The expression “don’t blame the messenger” couldn’t be more appropriate than when it comes to the work of public health officials during the COVID-19 pandemic.
They have been harassed and threatened with death just for advising Americans on how to avoid spreading the virus.
We can’t ignore this hate, but we also must recognize the vast majority of people support the work of public health officials.
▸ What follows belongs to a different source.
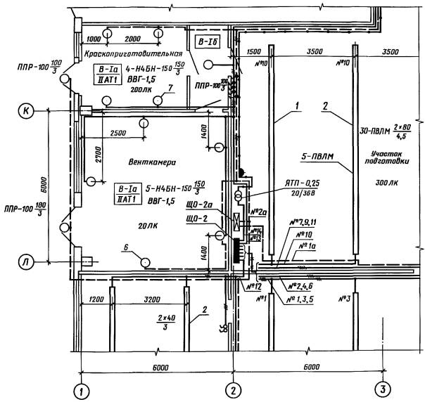 - линии питающей, групповой сети и сети управления освещением (в жилых домах - включая линии для электроплит и других бытовых электроприемников), их обозначения, сечение и, при необходимости, марку и способ прокладки*;

A recent poll commissioned by The California Endowment found that two-thirds of the state’s voters approve of how public health officers at both the state and local levels are handling the pandemic.
We also know from the poll that while some Californians have aggressively protested protective measures that have saved thousands of lives, they don’t represent the views of most California residents. This is especially true when it comes to California’s working people.
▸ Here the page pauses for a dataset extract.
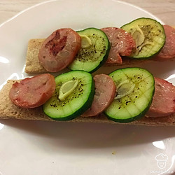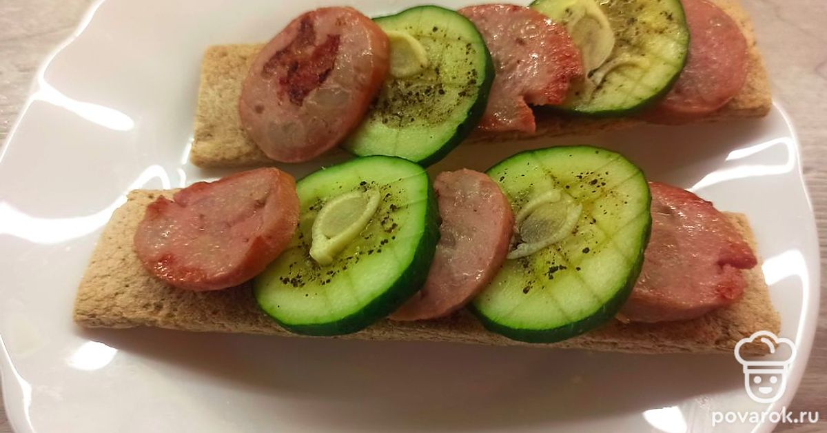 Вкусная и аппетитная закуска на хлебце с жареной колбасой и огурцом.

The California Endowment’s poll assessed workers making up to $50,000 annually and found that 73 percent believe that the coronavirus remains a “very serious” health concern in California. In addition, 55 percent believe the “worst is yet to come.”
The poll clearly shows that it would be wrong to give the views of those who ignore public safety any influence as we attempt to get the virus under control.
The poll also confirms the overwhelming support for public health leaders, who acted quickly and got out in front of the pandemic. That decisive early action saved lives, and now their call for protective actions played out as Gov. Gavin Newsom instituted new measures when the virus spiked in several counties.
Economic concerns are important in this debate, but can you imagine the body blow the economy would take if an unregulated reopening forced us into a prolonged lockdown?
We flattened the curve early, but we have been giving back that success with irresponsible behavior. We must stay the course, not just for the state’s overall health, but to protect the most vulnerable.
The poll tells us that across the racial and ethnic spectrum, working Californians are fearful for their health. They are less concerned about the larger economic impacts of COVID-19 and more concerned about protecting themselves and their families from this deadly and relentless virus.
These workers also have a more realistic understanding of how long this epidemic will last than do those that are protesting public health measures, and they trust local and state authorities more than they trust the federal government.
One must only ask these Californians how they feel about this pandemic and it becomes clear the rush to reopen the economy is being driven by blowhard politicians and billionaires, not the “essential workers” who must bear the real risk of COVID-19.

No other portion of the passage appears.